Stoorvogel W, Geuze H J, Griffith J M, Schwartz A L, Strous G J
Laboratory of Cell Biology, University of Utrecht Medical School, The Netherlands.
J Cell Biol. 1989 Jun;108(6):2137-48. doi: 10.1083/jcb.108.6.2137.
We compared the intracellular pathways of the transferrin receptor (TfR) with those of the asialoglycoprotein receptor (ASGPR) and the cation-independent mannose 6-phosphate receptor (MPR)/insulin-like growth factor II receptor during endocytosis in Hep G2 cells. Cells were allowed to endocytose a conjugate of horseradish peroxidase and transferrin (Tf/HRP) via the TfR system. Postnuclear supernatants of homogenized cells were incubated with 3,3'-diaminobenzidine (DAB) and H2O2. Peroxidase-catalyzed oxidation of DAB within Tf/HRP-containing endosomes cross-linked their contents to DAB polymer. The cross-linking efficiency was dependent on the intravesicular Tf/HRP concentration. The loss of detectable receptors from samples of cell homogenates treated with DAB/H2O2 was used as a measure of colocalization with Tf/HRP. To compare the distribution of internalized plasma membrane receptors with Tf/HRP, cells were first surface-labeled with 125I at 0 degrees C. After uptake of surface 125I-labeled receptors at 37 degrees C in the presence of Tf/HRP, proteinase K was used at 0 degrees C to remove receptors remaining at the plasma membrane. Endocytosed receptors were isolated by means of immunoprecipitation. 125I-TfR and 125I-ASGPR were not sorted from endocytosed Tf/HRP. 125I-MPR initially also resided in Tf/HRP-containing compartments, however 70% was sorted from the Tf/HRP pathway between 20 and 45 min after uptake. To study the accessibility of total intracellular receptor pools to endocytosed Tf/HRP, nonlabeled cells were used, and the receptors were detected by means of Western blotting. The entire intracellular TfR population, but only 70 and 50% of ASGPR and MPR, respectively, were accessible to endocytosed Tf/HRP. These steady-state levels were reached by 10 min of continuous Tf/HRP uptake at 37 degrees C. We conclude that 30% of the intracellular ASGPR pool is not involved in endocytosis (i.e., is silent). Double-labeling immunoelectron microscopy on DAB-labeled cells showed a considerable pool of ASGPR in secretory albumin-positive, Tf/HRP-negative, trans-Golgi reticulum. We suggest that this pool represents the silent ASGPR that has been biochemically determined. A model of receptor transport routes is presented and discussed.

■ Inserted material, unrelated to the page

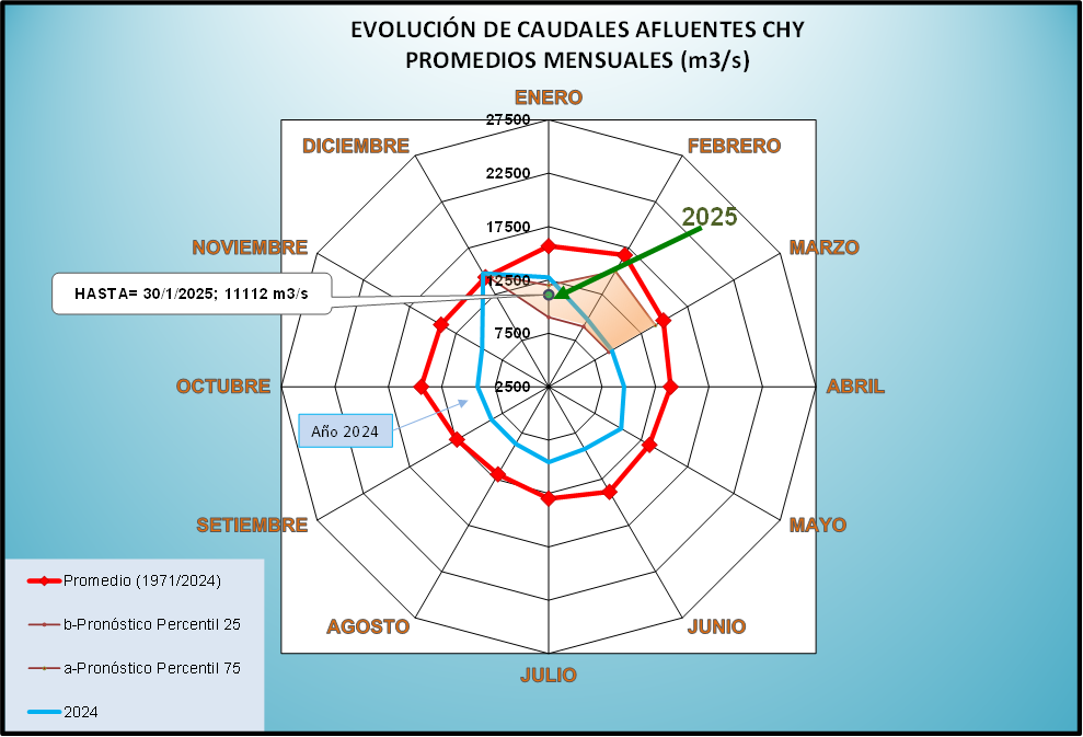 El caudal afluente a la CHY diario, pronosticado para la fecha de hoy es de 12.900 m3/s, y para el día de mañana se espera una afluencia del orden de 12.600 m3/s.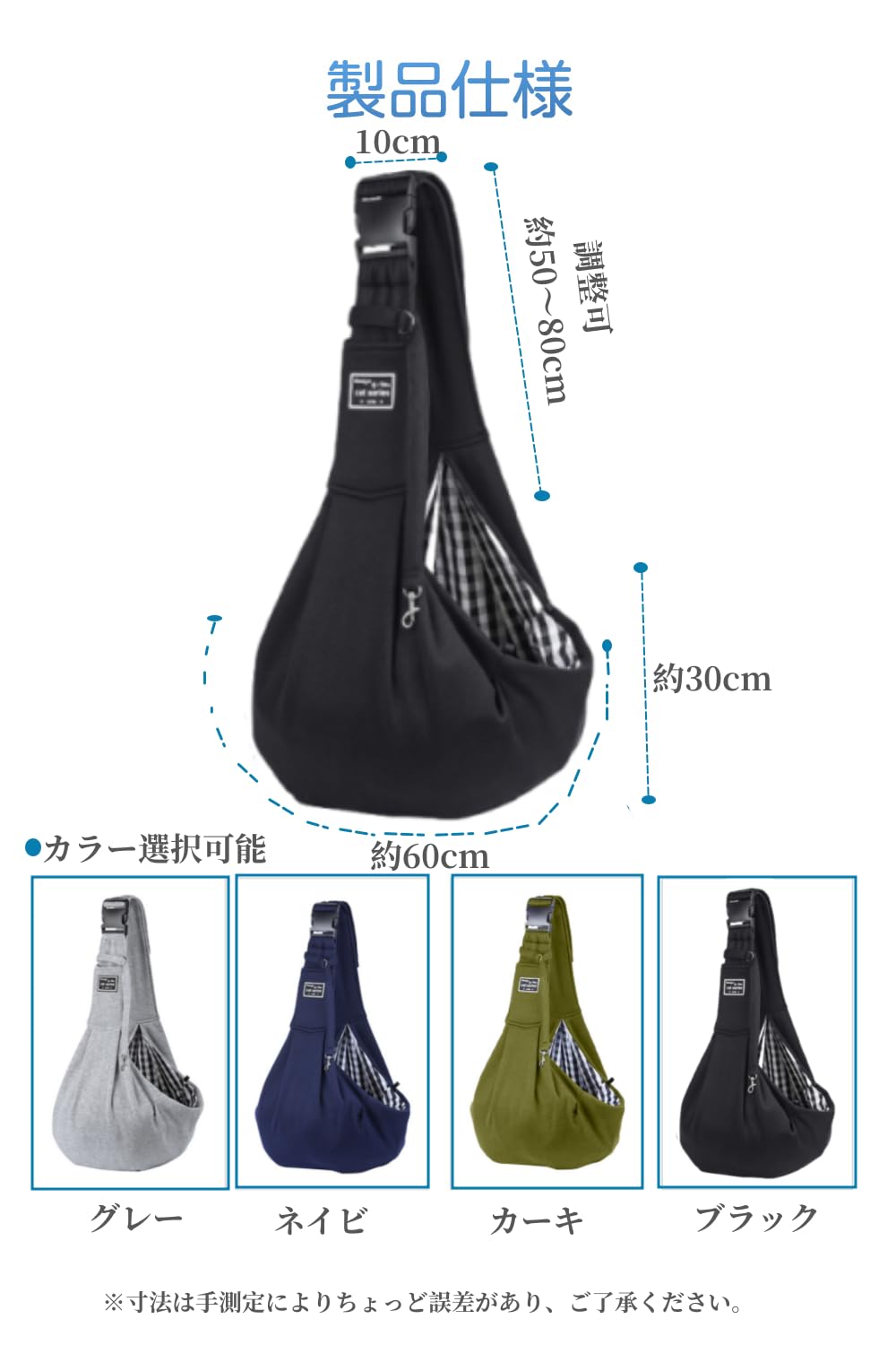 【製品仕様】スリングバッグ、展開サイズ:50cm×45cm×75cm、肩幅約12cm。カラー:グレー、ブラック、ネイビ3色選択可能。

我们比较了转铁蛋白受体(TfR)、去唾液酸糖蛋白受体(ASGPR)以及阳离子非依赖性甘露糖6-磷酸受体(MPR)/胰岛素样生长因子II受体在Hep G2细胞内吞过程中的细胞内途径。使细胞通过TfR系统内吞辣根过氧化物酶与转铁蛋白的偶联物(Tf/HRP)。将匀浆细胞的核后上清液与3,3'-二氨基联苯胺(DAB)和H2O2一起孵育。含Tf/HRP的内体中过氧化物酶催化的DAB氧化将其内容物交联到DAB聚合物上。交联效率取决于囊泡内Tf/HRP的浓度。用DAB/H2O2处理的细胞匀浆样品中可检测到的受体的损失用作与Tf/HRP共定位的指标。为了比较内化的质膜受体与Tf/HRP的分布,首先在0℃用125I对细胞进行表面标记。在37℃于Tf/HRP存在下摄取表面125I标记的受体后,在0℃使用蛋白酶K去除残留在质膜上的受体。通过免疫沉淀分离内吞的受体。125I-TfR和125I-ASGPR未从内吞的Tf/HRP中分拣出来。125I-MPR最初也存在于含Tf/HRP的区室中,然而在摄取后20至45分钟之间,70%从Tf/HRP途径中被分拣出来。为了研究细胞内总受体库对内吞的Tf/HRP的可及性,使用未标记的细胞,并通过蛋白质印迹法检测受体。内吞的Tf/HRP可接触到整个细胞内的TfR群体,但分别仅70%和50%的ASGPR和MPR。在37℃持续摄取Tf/HRP 10分钟后达到这些稳态水平。我们得出结论,细胞内30%的ASGPR库不参与内吞作用(即处于沉默状态)。对DAB标记的细胞进行双标记免疫电子显微镜检查显示,在分泌白蛋白阳性、Tf/HRP阴性的反式高尔基体网状结构中有大量的ASGPR。我们认为这个库代表了已通过生物化学方法确定的沉默ASGPR。提出并讨论了受体运输途径的模型。